• What you have to do: Only the lines from the one that contains "Бурундук на зеленой поляне крупным планом" through the last line of the data below should be duplicated, exactly and without pictures.

*** Working data ***

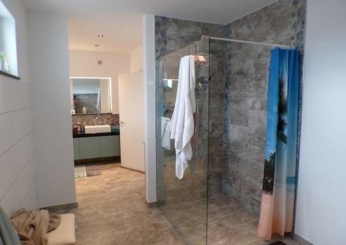 - Hochwertige Bodenbeläge: Fliesen, teils Parkett
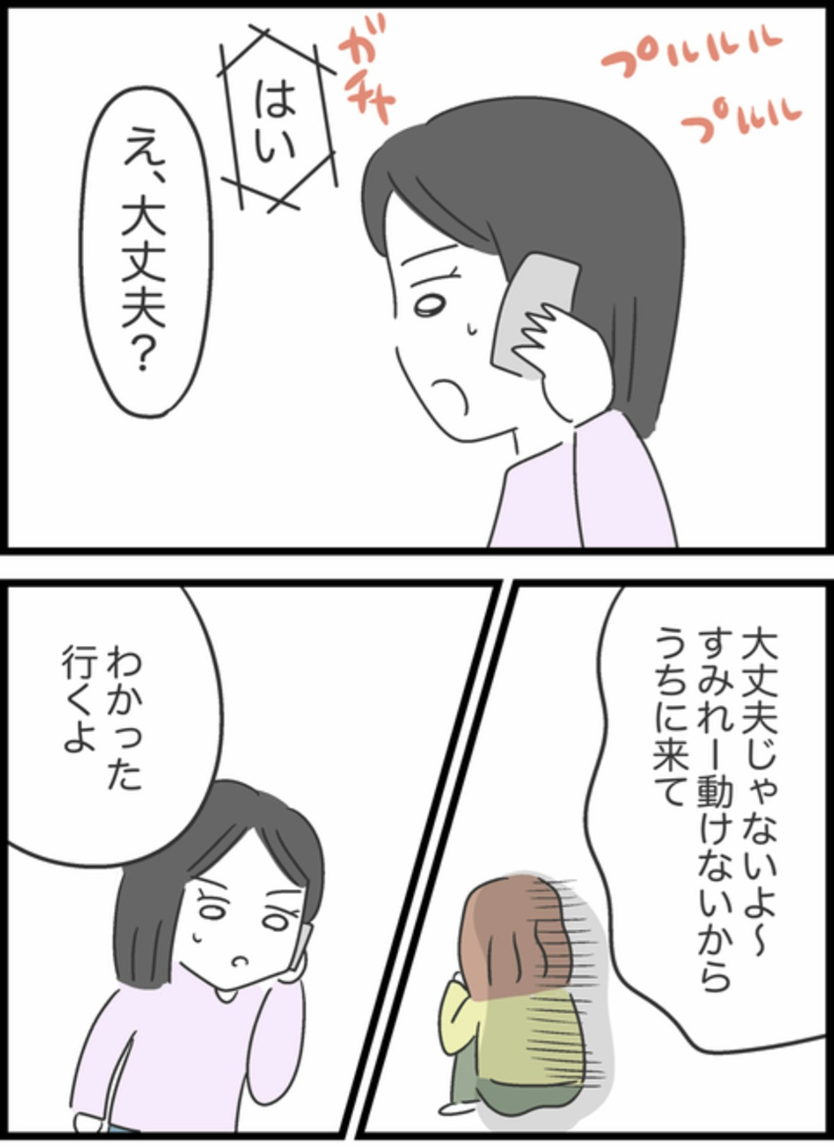 1人で悶々と考えていても仕方ないと開き直ったすみれはりかにメールをしてみることに。すぐに返事が来ますがメールには「別れた」と書かれており、すみれは慌てて電話をかけます。落ち込んでいる様子のりかに「うちに来て」と言われ、すぐにりかの家へと向かいます。
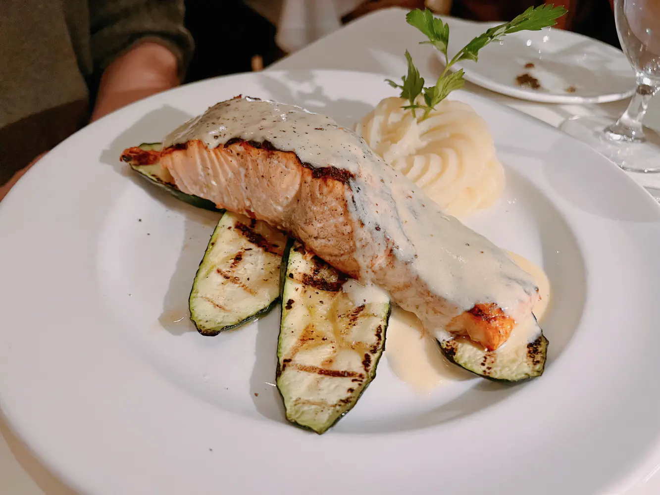 The Trancio di Salmone alla Griglia was grilled fillet of salmon with grilled zucchini and mustard sauce. My partner thought the salmon was very oily and fatty, and the rest of the ingredients were acceptable.
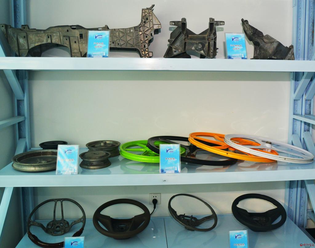 在兩位主管的帶領下,記者參觀了云海鎂業公司鎂合金產品展覽室。展現在記者眼前的是用鎂合金制作的汽車儀表、方向盤、輪轂以及各種電腦殼體、單體鎂合金成品等產品,種類繁多、琳瑯滿目,讓人目不暇接。
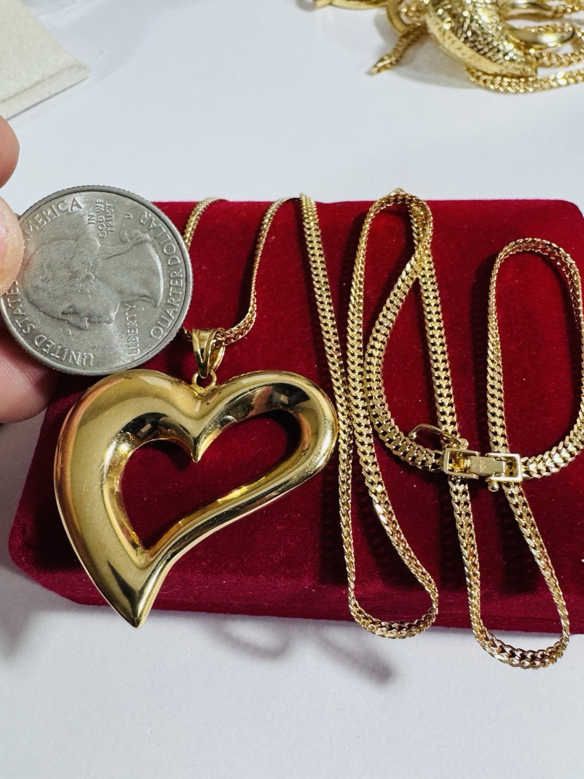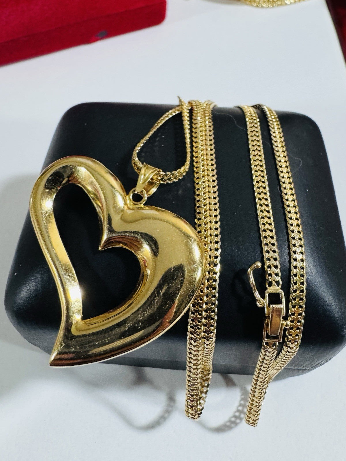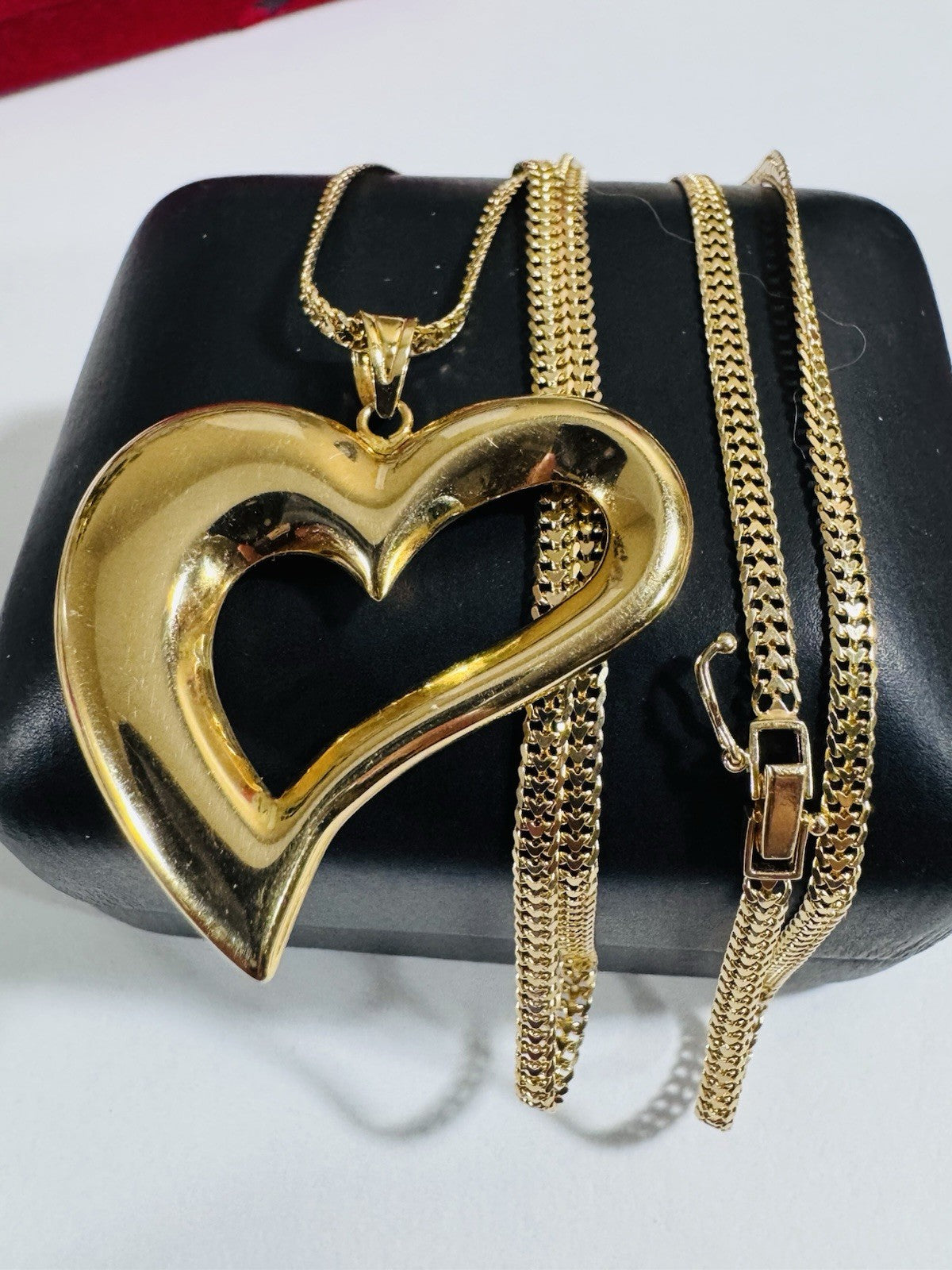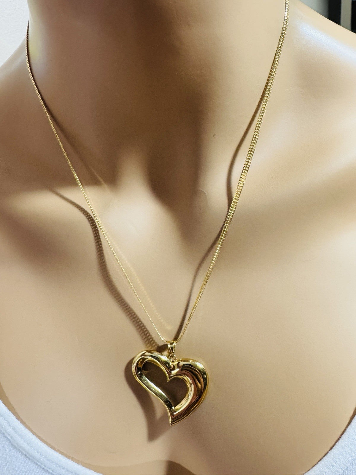 18C 18K 750 Fine Genuine Gold Heart Love Set Necklace 19.7”/20” Long 10.2g 3mm
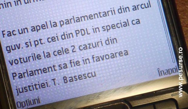 "În seara asta (n.r. - marţi) la 19.25 deputaţii PDL (probabil că şi de la UNPR, Minorităţi şi UDMR) au primit câte un sms din partea preşedintelui Traian Băsescu. Iată sfatul preşedintelui înaintea celor două voturi din Camera Deputaţilor", se arată pe site-ul pesurse.ro.
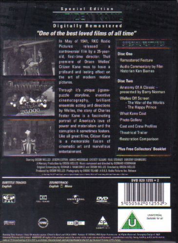 In May of 1941, RKO Radio Pictures released a controversial film by a 25-year-old, first-time director. That premier of Orson Welles' Citizen Kane was to have a profound and lasting effect of the art of motion pictures.Through its unique jigsaw-puzzle storyline, inventive cinematography, brilliant ensemble acting, and direction by Welles, the story of Charles Foster Kane is a fascinating portrait of America's love of power and materialism, and the corruption it sometimes fosters. Like all great films, Citizen Kane is a memorable fusion of cinematic art and marvellous entertainment.
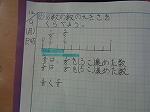 3年生が分数の学習をしています。今日は、8分の3と8分の5を比較する学習をしていました。ノートに線分図を書き、視覚的に大きさを比較できるようにしてしていました。「分母が同じときには、分子大きい方が大きくなる」ことを学んでいました。
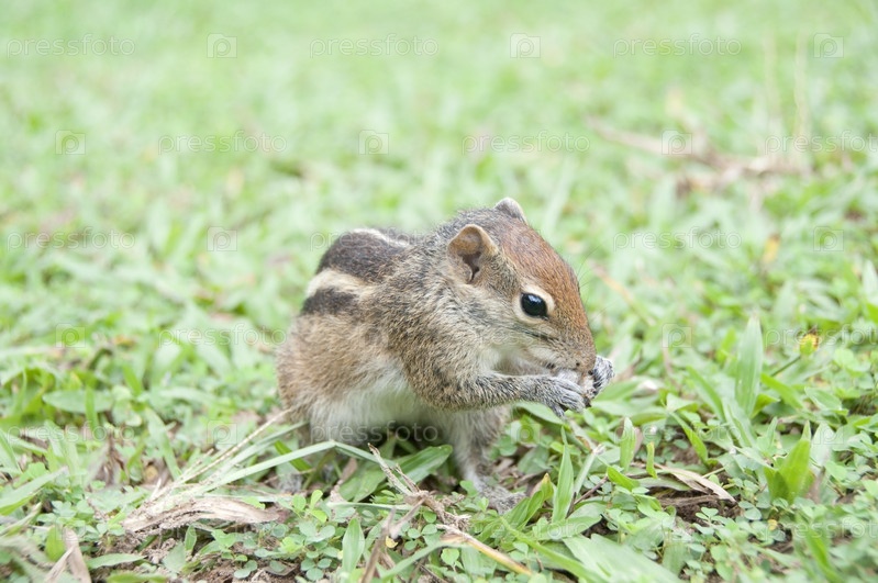 Бурундук на зеленой поляне крупным планом
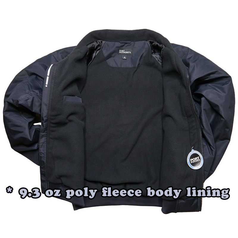 - 9.3-ounce, 100% polyester fleece body lining
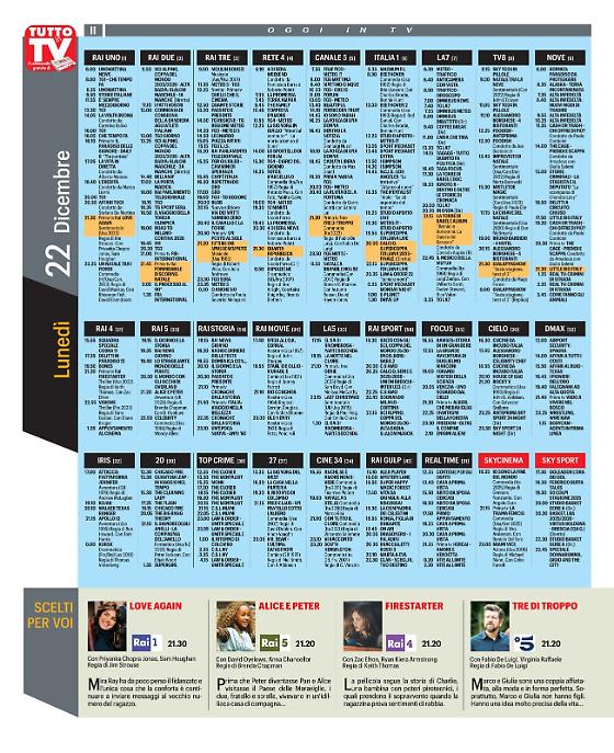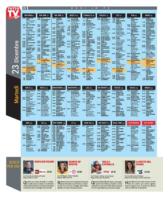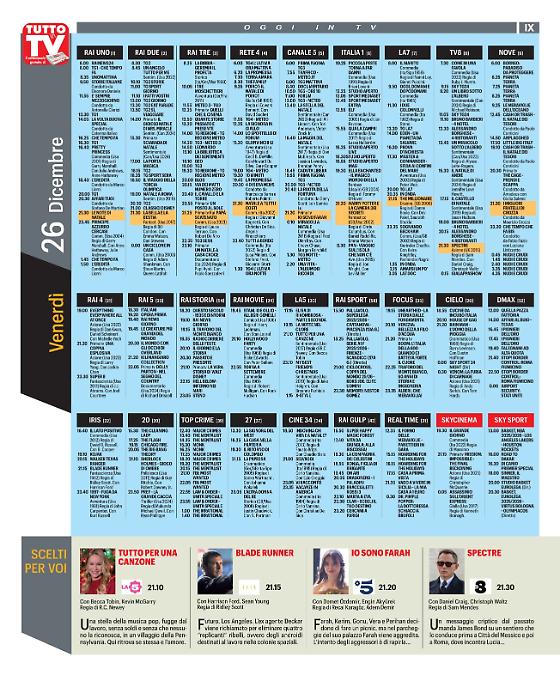TUTTO IN TV: Ecco cosa vedremo in Tv dal 22 al 28 dicembre
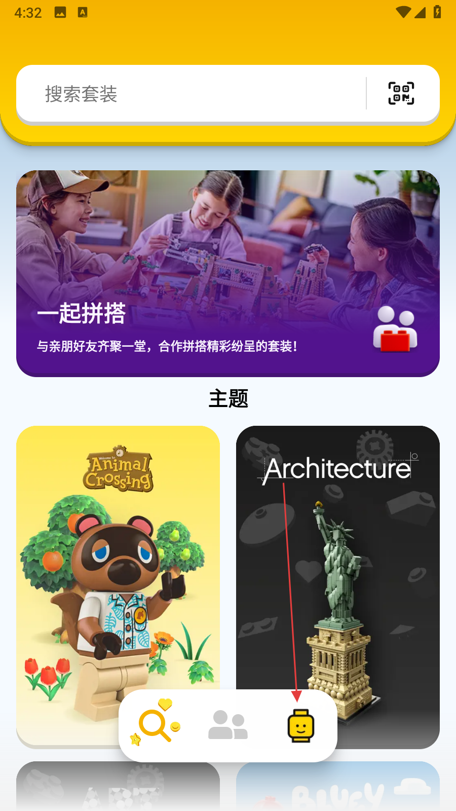 1、打开乐高拼搭指引应用,在主界面点击底部右侧的小人图标,进入个人相关页面。
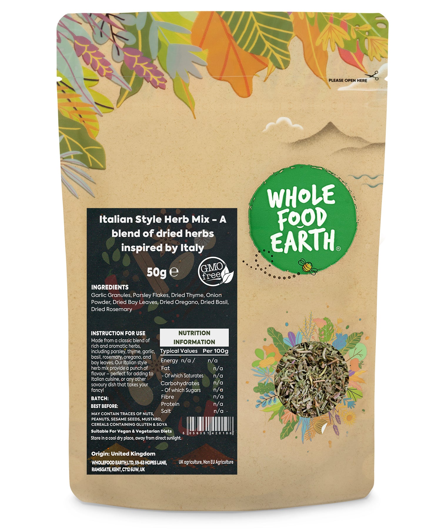 Made from a classic blend of rich and aromatic herbs and spices, including parsley, thyme, garlic, basil, rosemary, oregano, and bay leaves. Our Italian herb mix provide a punch of flavour – perfect for adding to Italian cuisine, or any other savoury dish that takes your fancy!

*** End of Working data ***

• Answer space:
 Бурундук на зеленой поляне крупным планом
 - 9.3-ounce, 100% polyester fleece body lining
TUTTO IN TV: Ecco cosa vedremo in Tv dal 22 al 28 dicembre
 1、打开乐高拼搭指引应用,在主界面点击底部右侧的小人图标,进入个人相关页面。
 Made from a classic blend of rich and aromatic herbs and spices, including parsley, thyme, garlic, basil, rosemary, oregano, and bay leaves. Our Italian herb mix provide a punch of flavour – perfect for adding to Italian cuisine, or any other savoury dish that takes your fancy!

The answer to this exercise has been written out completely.